Never waste the opportunity of a good crisis. So runs the capitalist mantra. Now the government and private operators have seized on the pandemic as an ideal time to cut down on costs and boost profits. A huge battle beckons…
Rail unions and their members are bracing themselves for a huge political and industrial battle as the detail begins to emerge about the government’s intentions for the rail industry following the publication of the somewhat vague Williams-Shapps report in May.
The rail unions were worried that the government would use the structural changes in the industry flowing from the report as cover to attack jobs, pay, pensions and staff travel benefits. Those fears were enhanced by industry insiders who more or less confirmed that preparations are being made to take on the unions.
Lockdowns instituted in response to Covid-19 saw rail passenger numbers collapse. As the restrictions have eased, passenger numbers have drifted back up, with strong leisure travel pushing usage figures for August 2021 up to around 60 per cent of that of February 2020, immediately before Covid-19 struck. With many on holiday in August, the number of passengers travelling on business or as commuters is always less than in February.
Back to work
September will see passenger numbers rise as workers return from summer holidays, but more significantly in many cases they are returning to work in offices now the requirement to work from home has ended. It is clear that there will be fewer commuting journeys in the future as at least some workers spend more time working from home, but the extent of that remains unclear. Business travel remains depressed, and will be for a while.

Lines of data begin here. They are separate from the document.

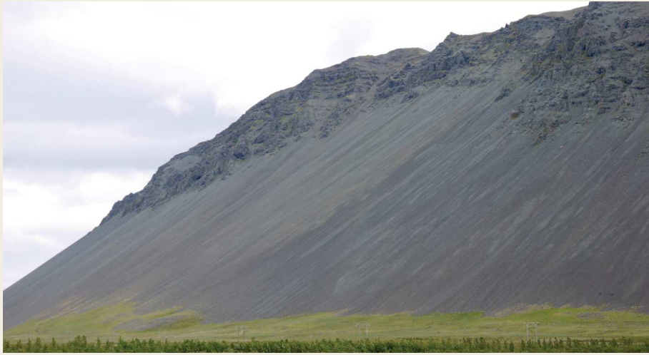
Figure 6 : Versant basaltique en cours de régularisation en Islande de l'ouest (64°21'N, 21°86'W)

sensibles à l'érosion mécanique périglaciaire, notamment vis-à-vis de la macro-gélifraction à cause de l'abondance des discontinuités dont les plans de stratification (fig. 5). À l'aide de transects topo-sédimentologiques, Dominique Sellier montre toute la variété des cônes d'éboulis et des dynamiques à l'œuvre, depuis les éboulis liés à la gravité pure, jusqu'au éboulis remaniés par le ruissellement, les avalanches ou le fluage. Dans son analyse des temporalités, il montre le rôle majeur des processus de décohésion des parois suite au départ des glaciers et la mise en place des éboulis dans les tous premiers temps de la déglaciation. Son analyse des versants réglés, témoignant de l'aboutissement et de l'arrêt du processus d'ébouilisation, propose une mise en place rapide dans les roches quartzitiques, dans les seuls temps post-glaciaires au moins pour ceux développés dans les cirques (Sellier et Kerguillec, 2019 ; fig. 6).
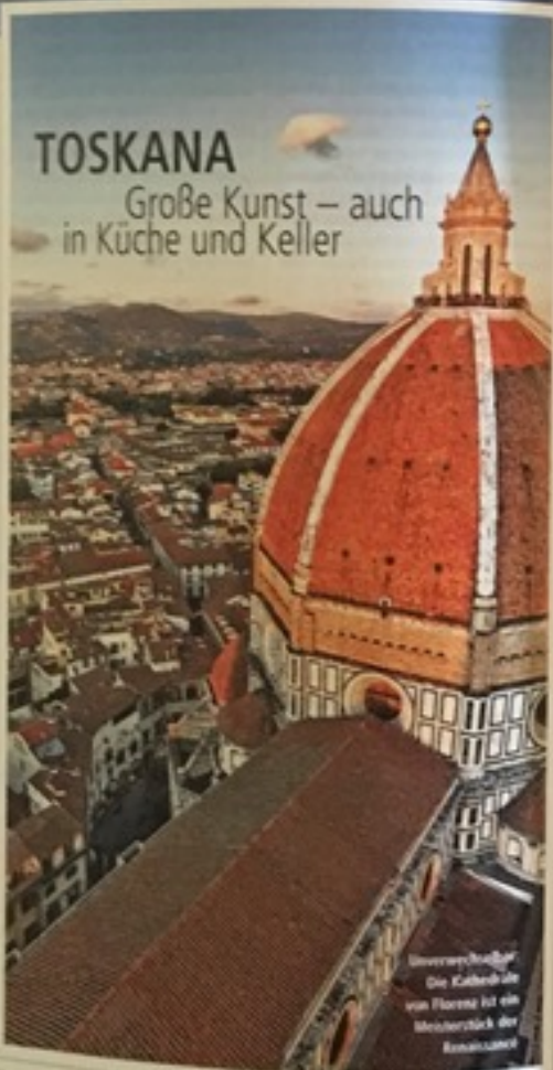
Unvergleichlich Die Kathedrale von Florenz ist ein Meisterstück der Renaissance
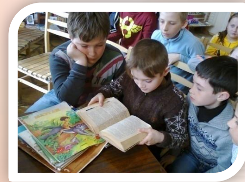
“ Як друкують книги ”
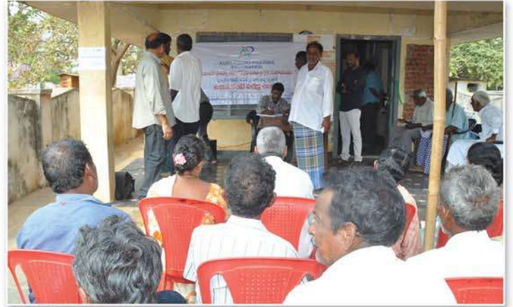
Eye testing and Enrollment
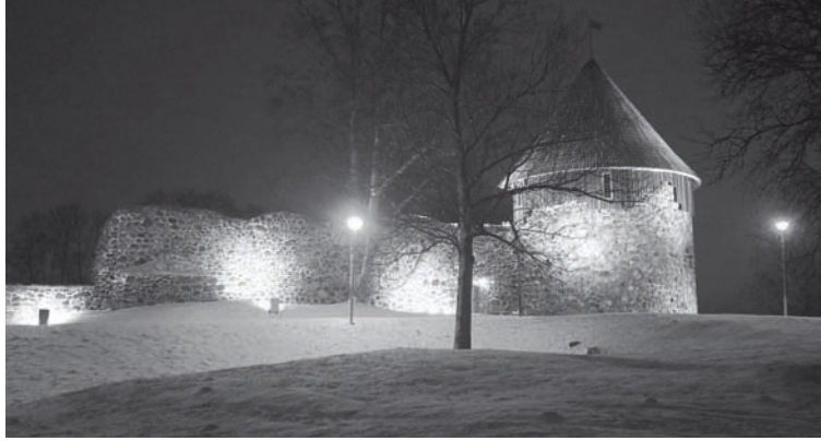
Dienvidu tornis tumšajā diennakts laikā ir izgaismots

Projektu "Gaismas ceļš cauri gadsimtiem" Alūksnes novada pašvaldība īsteno sadarbībā ar Gulbenes un Cēsaines novadu pašvaldībām un Smiltenes evaņģēliski luterisko draudzi Kultūras ministrijas Eiropas Savienības fondu līdzekļu Darbības programmas "Izaugsme un nodarbinātība" prioritārā vir-
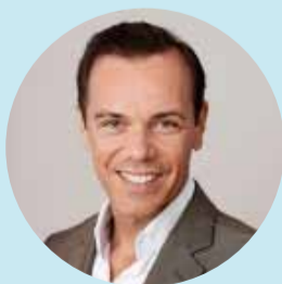
Gerhard Pichler Business Circle
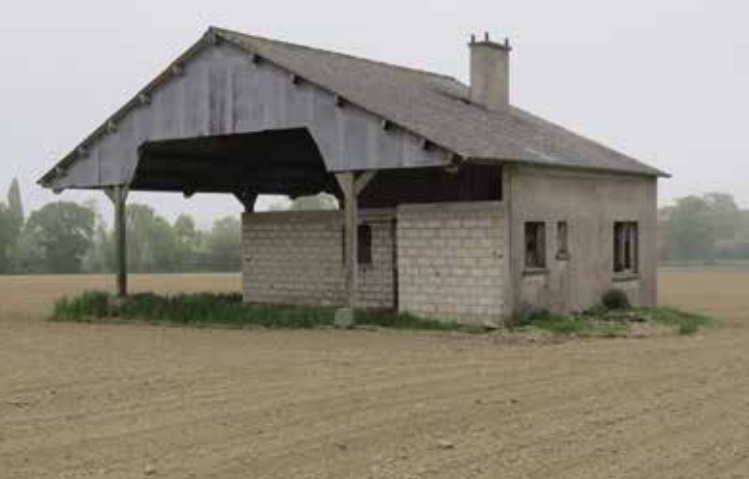
Ferme à Lassy, architecte Stanislas Sainz.
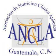
Asociación de Nutrición Clínica Aplicada - ANCLA Guatemala, C.A.
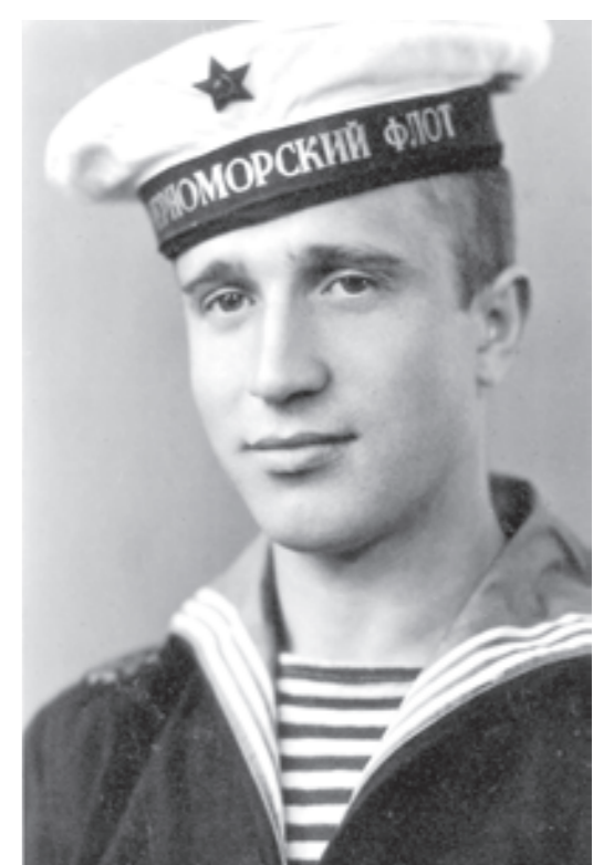
с Северного Кавказа. Теперь эти списки хранятся в Пятигорском краеведческом музее.

уже под водой, корма высоко поднялась. Один за другим некоторые морьяки скатываются по палубе в воду. Скатываюсь и я на башню главного калибра и по скоб-трапу карабкаюсь вверх. Помню только звездное небо и фок-мачту, быстро скользящую по нему, и крик со стороны трапа: «Спасайся, кто может!» Меня резко бросило в башни в воду (25–30 метров). Помню бурлящую ужасную круговерть. Рядом барахтаются люди, мы не понимаем, где верх, где низ, цепляем и бьем друг друга ногами и руками. В голове одна мысль: «Не дышать, сдерживать дыхание». Но уже это невозможно, с первой порцией воздуха вода попадает в легкие. В голове пронеслось: «Мама узнает...» Дальше все куда-то поплыло и исчезло. Очнулся я в воде, среди людской массы, мне удалось попасть на спасательный баркас и с еще многочисленными мучениками добраться до госпитальной
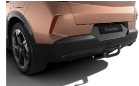
Szerszám nélkül leszerelhető vonóhorog 13 pólusú csatlakozóval
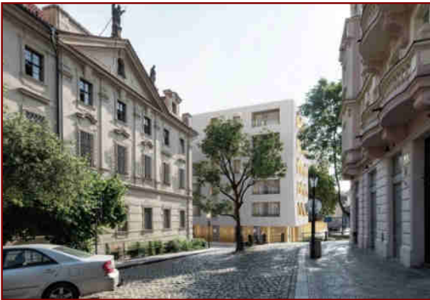
Maršmeloun si své dimenze i po korekci ponechal
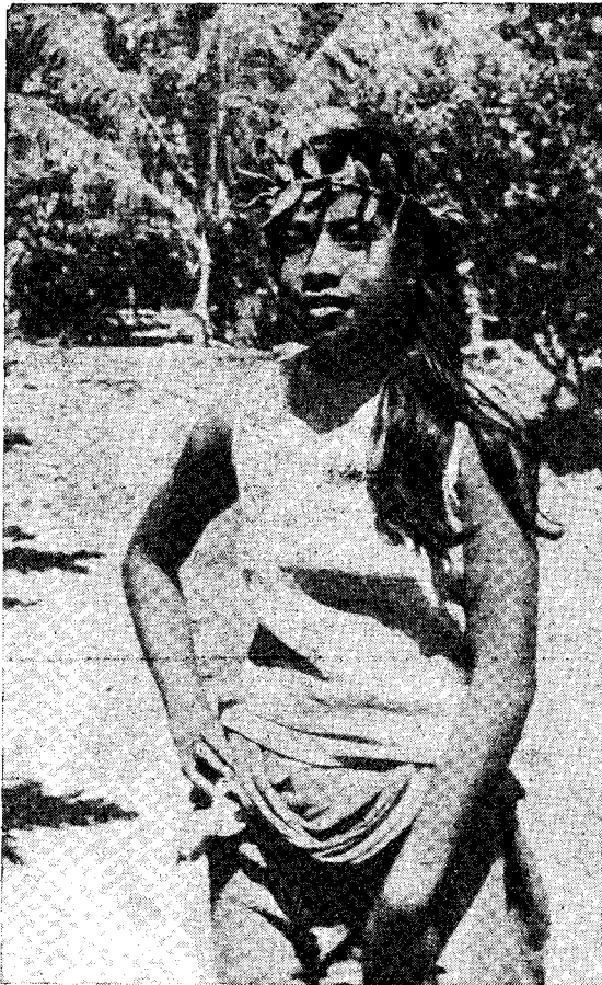
Рис. 7. Девушка-самоанка. Деревня Леусоали (Западное Самоа)

Гвинеи и Новых Гебрид, коллекция современной океанской тапы, музыкальные инструменты, посуда из глины, дерева, тыквы и скорлупы кокосового ореха, одежда из луба, листьев кокосовой пальмы и пандануса, модели домов, лодок и рыболовных ловушек, украшения из раковин и кабаньих клыков, образцы художественного плетения и т. д. 74 предмета куплены, остальные получены в дар от жителей посещенных островов. Уместно отметить, что наиболее многочисленная коллекция (43 предмета) была привезена из деревни Бонгу.
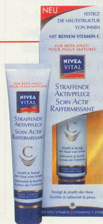
Nährt und festigt: Tagespflege aus der Linie Nivea Vital für die reife Haut. 40 ml ca. CHF 24.90
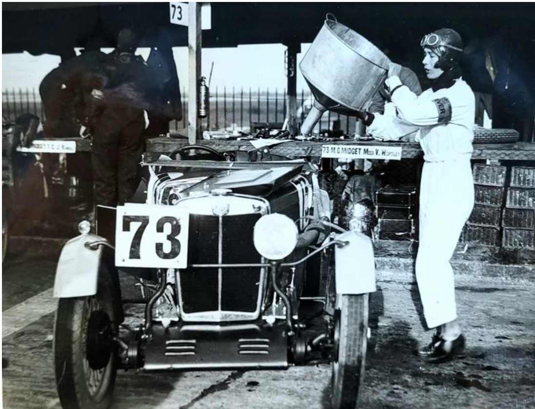
Une des photos qui seront exposées à Motor Passion.

Cabriolets, coupés, berlines, limousines, voitures de rêve et de légende, Jaguar Type E, Maserati, Lotus, Rolls-Royce, Traction avant, Mini, 4CV, BMW, Lamborghini, Ferrari, Buick, Citroën SM, Porsche, trôneront au Parc des Expositions. Ainsi que l'Alpine bleue A 110 de l'EDSR (Escadron départemental de la Sécurité Routière de la Gendarmerie de Vaucluse). « Un hommage sera rendu aussi à l'Autodrome d'Istres-Miramas (Bouches-du-Rhône), explique Florent Bourges, commissaire d'exposition. Créé en 1924 où une Simca 'Ariane 4' a parcouru 200 000 km à 100km/h en 5 mois, un record du monde d'endurance. Cette Ariane historique sera exposée dans le Hall A. Comme la 'Djelmo' qui a battu le record de vitesse de 257km/h sur ce même anneau des bords de l'Etang de Berre il y a 100 ans. » Avignon Motor Passion (22-24 mars), c'est aussi le paradis des pièces détachées, des voitures radiocommandées et des miniatures.
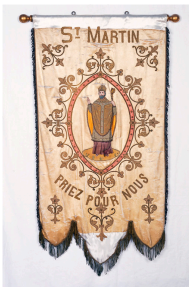
Bannière de procession : saint Martin, patron de la paroisse.
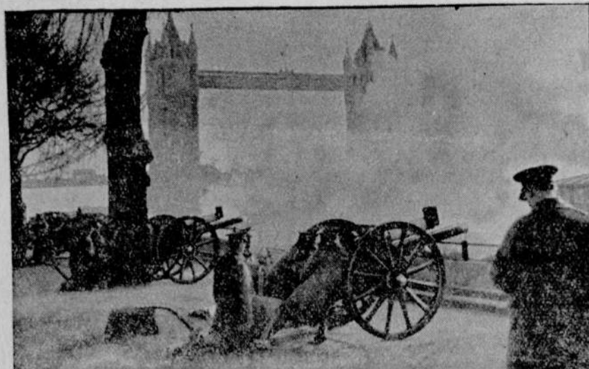
Salwy armatnie na cześć zmarłego króla.

W londyńskim Hyde Parku artylerja gwardji królewskiej oddała strzały w odstępach jednonminutowych. Wystrzałów tych oddano 70.
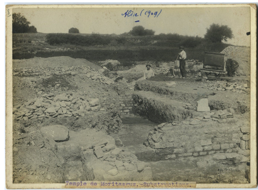
Les fouilleurs d'Espérandieu. A droite, un dcauville est utilisé pour évacuer les déblais recouvrant les thermes en 1910.
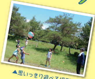
▲思いっきり遊べる場所！
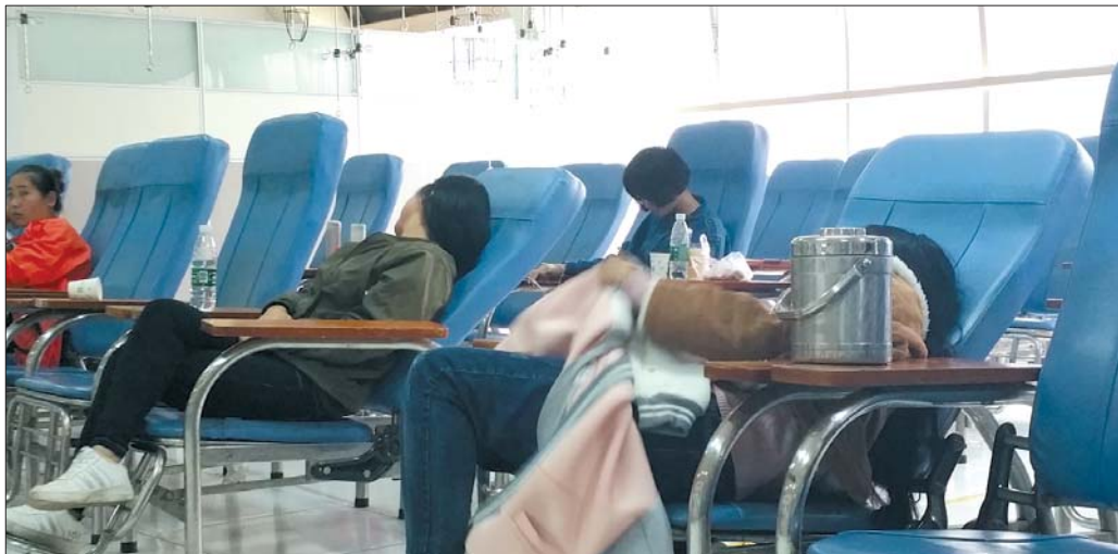
在济钢总医院,生病的学生躺在输液室里。

那么多,“从昨天到今天,生病的学生差不多有20来个,医药二班是最多的一个班,有十来个,但多数班级都没有生病的学生。”耿振云介绍,暂时放假也是根据港沟街道办事处等部门意见采取的措施。
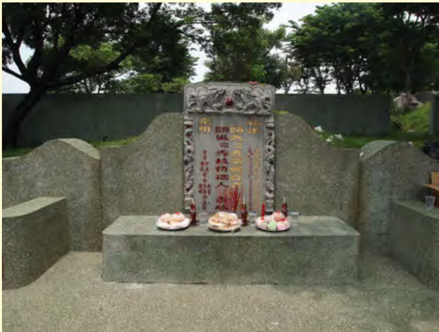
Gambar 1.2 Bersembahyang mendoakan arwah leluhur yang telah meninggal pada hari Qing Ming

“Dengan ilmu pengetahuan hidup akan terasa lebih mudah. Dengan seni hidup akan terasa lebih indah, dan dengan agama hidup akan terasa lebih terarah.” (H.A. Mukti Ali)
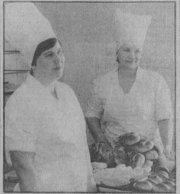
Чтобы пирог получился вкусным...

Надеемся, публикации ваших корреспонденций помогут решить ряд наболевших вопросов. Ждем ваших писем.
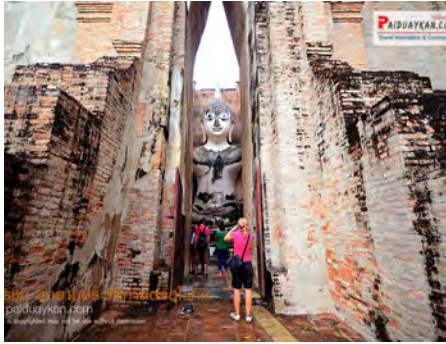
มรดกโลกอาณาจักรสุโขทัย “วัดศรีชุม”
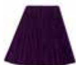
Plum Passion™ HCR 11021
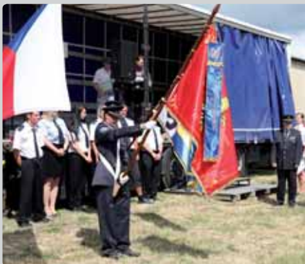
Jsmo na oslavě dobroměřického sboru. Byl červen 2014 a slavili tu 120 let od vzniku.
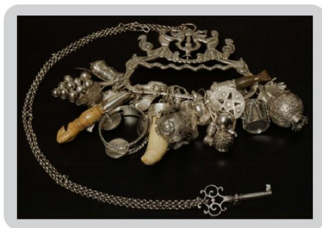
Figura 11: Pencas de balangandãs em prata com 27 peças e corrente.

Geralmente, essas joias eram usadas na cintura, por ser a zona que marca a fertilidade e, conseqüentemente, por possuir um grande significado ritual religioso. Sua disposição dava-se por meio de argolas individuais ou tiras de couro ou ainda outros materiais, em que cada peça continha cerca de 20 a 50 objetos. Eram altamente movimentados e sonoros ao se chocarem uns com os outros, tanto que lhe conferiu uma denominação de referência onomatopaica para muitos estudiosos do tema. Logo, esse potencial sonoro é inerente à sua composição, haja vista que diversos amuletos possuem a função de “espantar” as influências malignas através do som.
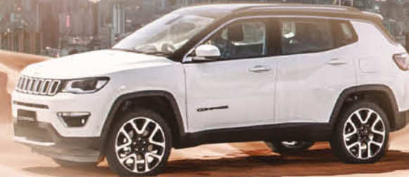
ALL NEW JEEP COMPASS AHORA DESDE
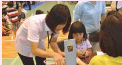
18 ナースのおしごと ～おばーの健康診断日記～ 統合医療センター クリニックぎのわん(大山)
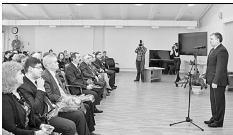
Выступление Главы Республики Карелия А. П. Худилайнена
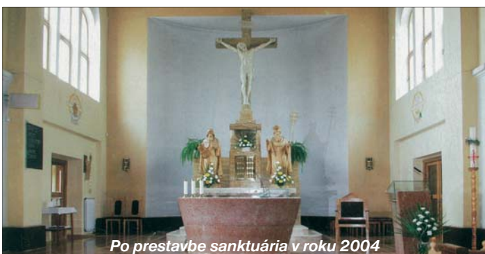
Po prestavbe sanktuária v roku 2004
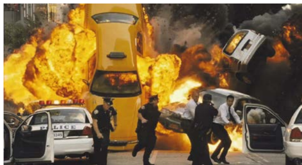
Figura 4: Explosión de autos en la película Avengers . [ http://varietalesdialecticos.blogspot.mx/2012/03/mitos-de-pelicula.html#!/2012/03/mitos-de-pelicula.html ].

Los explosivos generalmente tienen en común varios grupos ( \text{NO}_2^- ) cuyos oxígenos son estabilizados por resonancia. En el caso de la nitroglicerina, o TNT, un golpe es suficiente para desestabilizar dichas uniones y causar una explosión. Existen otros «explosivos» ligeramente más estables como es el caso de la nitrocelulosa, fácilmente sintetizable mediante la nitración (con \text{HNO}_3 y \text{H}_2\text{SO}_4 ) de papel o algodón puro como fuente de celulosa, que no explotan propiamente, pero se consumen por deflagración, creando el mismo efecto visual (Figura 4).
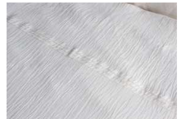
◆白縮 掛布団カバー 麻 140x190 ¥63,000+ 税

表面に無地の白縮、裏面に今治産のタオル生地を縫い合わせました。両面お使いいただける仕様です。お好みで異なる肌触りを体感できます。
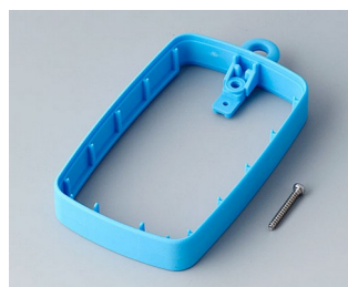
B9004785 Bague intermédiaire EM, surélevé TPE bleu
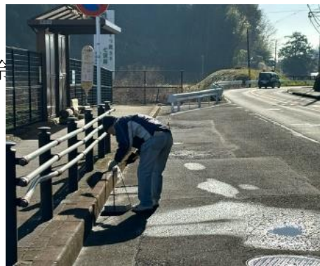
▼バス停を折々にきれいに掃き清める
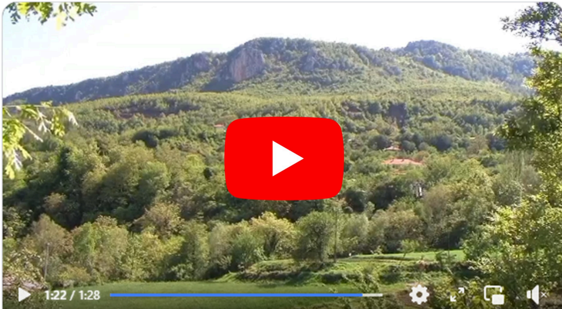
Dardhë - Librazhd, aty ku mrekullitë janë të pa fund
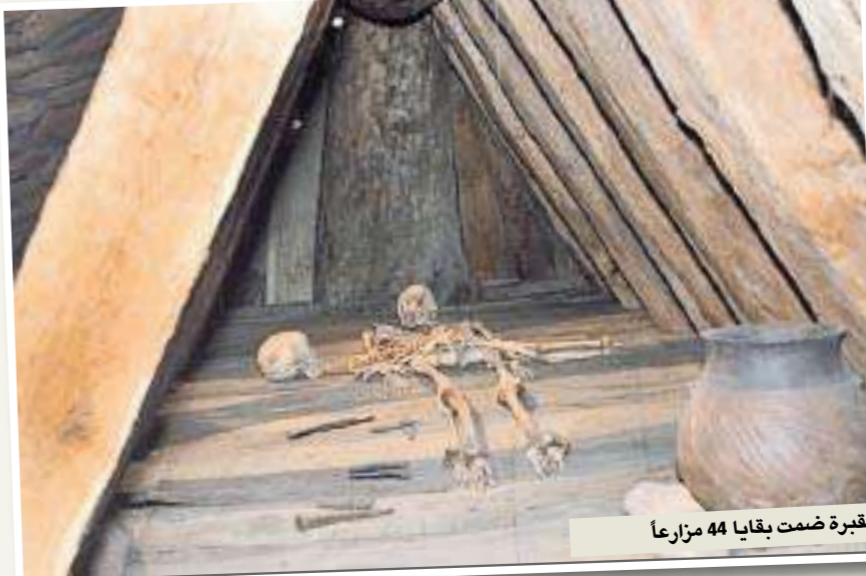
مقبرة ضمت بقايا 44 مزارعاً

بعدما نُبشت أكواخ موقع ليوبنغن المتواضعة المحيطة بقصور، شكّلت هذه الحياة البسيطة، التي جاورت البذخ
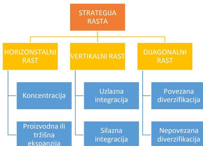
Grafikon 2: Podjela strategije rasta

Sama strategija rasta će se najbolje opisati grafikonom 2:
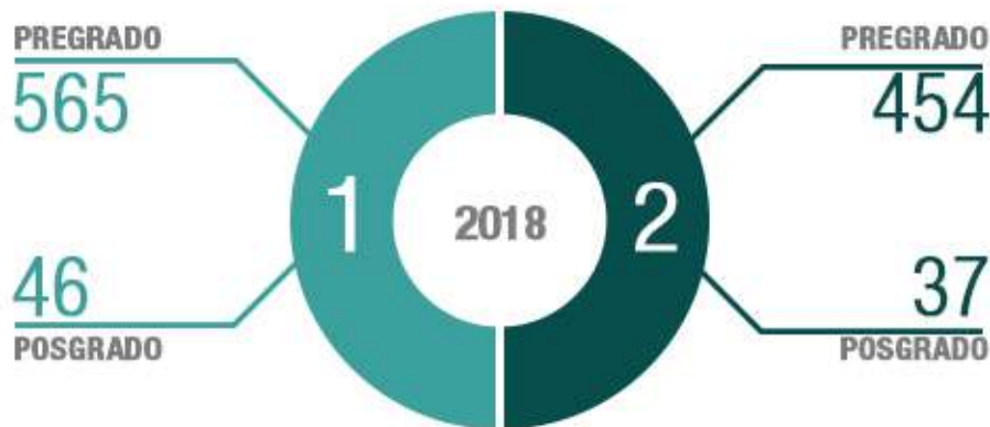
Gráfico No. 1 ESTUDIANTES MATRICULADOS EN PRIMER SEMESTRE AÑO 2018

‘Industry insiders have more or less confirmed that preparations are being made to take on the unions…’
Rail minister Chris Heaton-Harris, asked in August if he expected passenger numbers to return to pre-Covid levels, said: “I think we will but I don’t think there’ll be the numbers at the same times of day that there used to be.”
He confirmed that leisure travel was “recovering strongly”. He went on: “Probably for the first time in the railway’s history you’re getting as many people travelling on Saturdays and Sundays as you are during the week, and in lots of places more.”
But more ominously, he talked also of “sweating the assets” and having to be “flexible and innovative”. The rail unions and many in the industry will see this as a poorly disguised reference to cuts, with the industry’s biggest asset, the staff, doing more for less.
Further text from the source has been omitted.